F# Promises a Big Return on Big Data
If the future of everything lies in big data, the future of widespread, practical deployment of big data most likely lies in the F# programming language.
Evelyne Viegas, director of semantic computing at Microsoft Research, says the strongly typed, functional language — pronounced “F sharp” — enables rapid prototyping and the simultaneous exploration of web-based and local data in one environment. Last week, Microsoft Research unveiled a new web-based platform, Try F#, to further the language’s use and open development.
“We are bathing in big data,” Viegas says. “People are talking about the tsunami of the data, the world of information out there. What F# 3.0 is really about is bringing the schema, the semantics of the data, to the fingertips of the programmers and the researchers.”

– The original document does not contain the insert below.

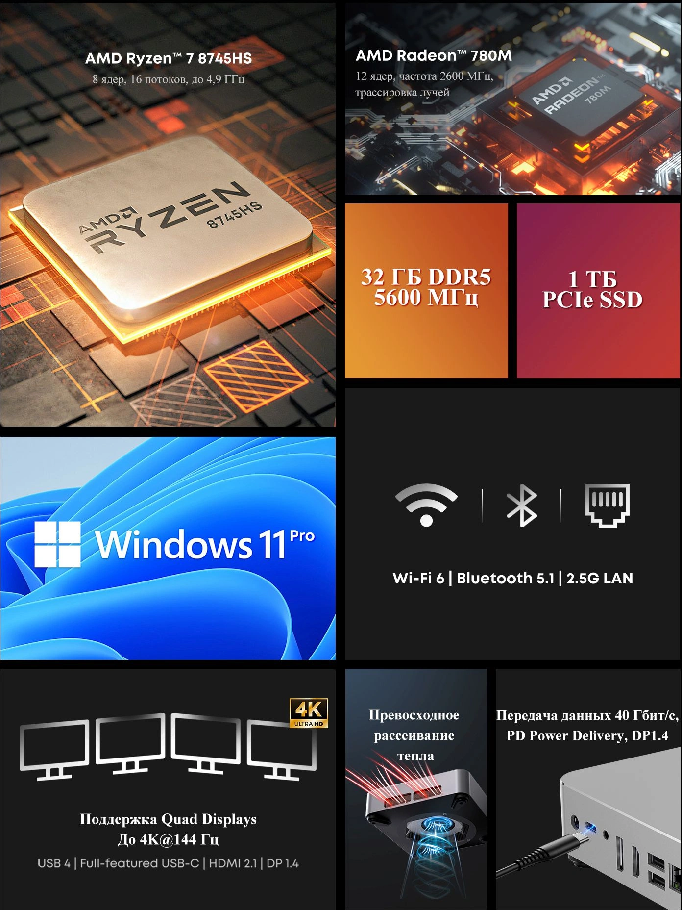 | Процессор | AMD Ryzen 7 8745HS 3.8ГГц |

Developed in 2010 by Don Syme, principal researcher at Microsoft Research, Cambridge, F# is used for a wide range of software applications in quantitative finance, biotechnology, insurance, fraud detection, power control, data analytics, forensic software, online advertising, trading systems and quantum computing. It is most commonly used for analytical software components embedded in larger systems with user interfaces in C# or Javascript.
Viegas says the latest Try F# platform will encourage innovation in the big data realm by bridging the gap between the developer community and “the people who are really, really knowledgeable about the data. It’s really about democratizing F# and bringing it to a broader reach of people, not just the developers, but people who are technology-savvy, who have some background in programming, who overall are really trying to solve real-world problems.”
Research incorporating the new Try F# platform is already under way at Rensselaer Polytechnic Institute in Troy, N.Y., where Professor James Hendler, an open-data proponent and an originator of the Semantic Web, is guiding undergraduate students through projects applying F# in data integration and international data sets using giant sets of open government data.
The project has several goals, Hendler says, not the least of which is encouraging cooperation among young developers. The new Try F# platform allows users to postback and share code, which Hendler says is “a very important part of teaching students how to work in teams and how to develop software together.”
“I want the students to learn that in modern programming, particularly the web environment, this kind of sharing and cooperation is very powerful and useful. So, being able to use libraries, to create libraries, is something I’m very big on. Supporting the community aspect is important.”
Students also need to learn how to interact with data, which is everywhere. And because F# is specifically designed to allow users to work more efficiently with data on a local computer as well as open, web-based data, Hendler says he is excited about its implications.
“The libraries that F# comes with give you some access to things that you’d have to write yourself in other environments,” he says. “It’s very useful when you want to bring data from different places together, because instead of trying to create a complex database back end, where you import lots of different things, you can actually reach out to data on the web and pull it together dynamically, build demos and things through the many visualizers and other tools provided through the system.”
Try F# also means that students — who like to work in different ways — aren’t required to bring whole computer environments to class.
“This allows them to develop the code how they want, and then share it through just a browser-based platform,” Hendler says. “It works through a number of different browsers and a number of different operating systems, so it’s much more open than many people expect.”
“With Try F#, what we really focused on is making it easy to learn,” Viegas says.
Microsoft Research worked with a community of researchers and developers to ensure the site included appropriate tutorials and features based on their feedback.
“We’ve tried to make it easy for people who just want to explore F#, just to learn the basic concepts of F#, up to more experienced developers,” Viegas says. “What is really neat about the language is that, with just a few lines of code, you can do a lot of rapid prototyping, rapid development, deployment — and now we’re bringing that to the world of big data.
“When you have data which is open out there, you’re going to have very smart people who are going to do all kinds of things with it,” Viegas says. “In my mind, it’s more like meeting the real world.”